Today, good news comes from the trading environment, or the tension in the textile situation has eased, and periodic orders or market information have been restored. However, there are still many uncertain factors, and we must be alert to the changing and changing trade situation.


2. Textile chemical fiber market under the boom cycle: undergoing in-depth adjustment of overcapacity


Since this year, the entire industrial chain, including PX, PTA, polyester, and weaving, is experiencing overcapacity, and the market will adjust deeply in this haze.


Beginning in 2017, while the number of water jet loom of traditional textile clusters in the Yangtze River Delta has plummeted, the water jet loom of emerging textile clusters in Anhui, Subei, Hubei, Jiangxi and other regions has experienced a blowout situation. Enterprises that originally had 100 or 200 looms in the Jiangsu and Zhejiang regions became 300 or 500 after they moved out. The overall number of water jet looms has not decreased, but has increased.

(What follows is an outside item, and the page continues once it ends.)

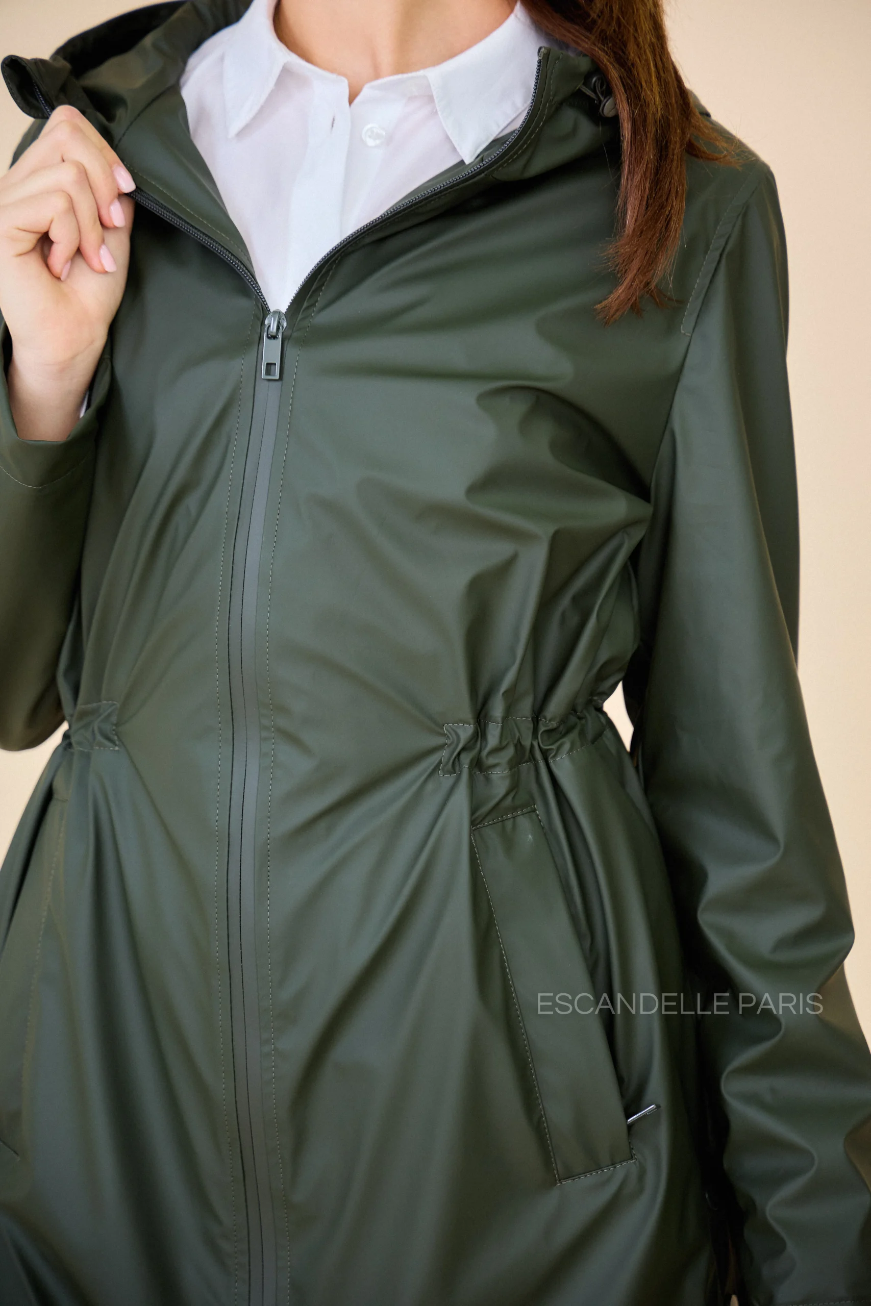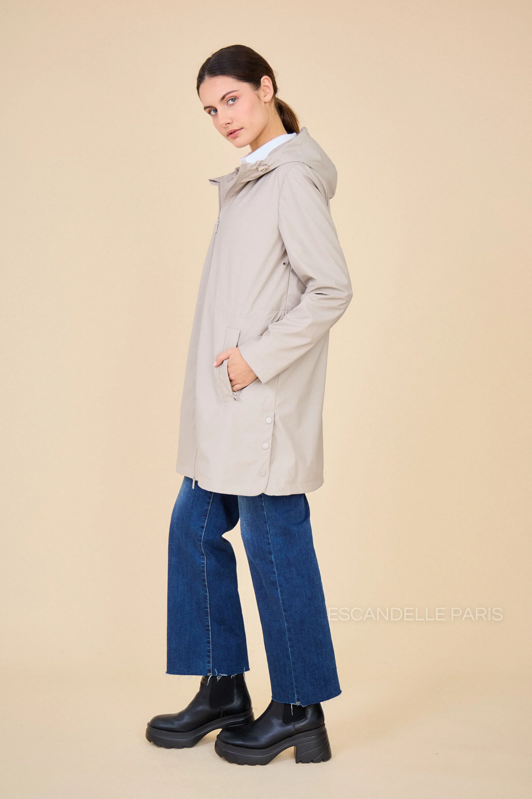 Imperméable mi-long à élastique Capuche à cordons et poches Poignets non élastiqués Zip ton sur ton Élastique à la taille Fentes boutonnées sur les côtés Longueur: mi-cuisse Notre mannequin mesure 175cm et porte une taille S

The emerging water jet loom is not homogenous and the products produced are more homogeneous, which has caused a surplus of conventional products on the market. In fact, after investigation, it was found that in addition to the water jet loom, the production capacity of warp knitting machines and air jet looms also had a surplus of varying degrees in the past two years. According to statistics, this year, when the market is not optimistic, there will be 120,000 looms launched everywhere. At the same time, the shrinking of the consumer end of clothing has directly led to extremely high product inventory.


Similarly, the haze of overcapacity also appeared in polyester raw materials. Next, the domestic PX capacity expanded wildly, and the domestic PX supply further increased. It is also the peak period for the domestic PTA industry to start production, and the overall oversupply is expected to increase.


Of course, when trade is good for capacity expansion, whether the market can change the previous decline still requires everyone's efforts. I hope that the owners of textile and chemical fiber can spend it with a smile in the future!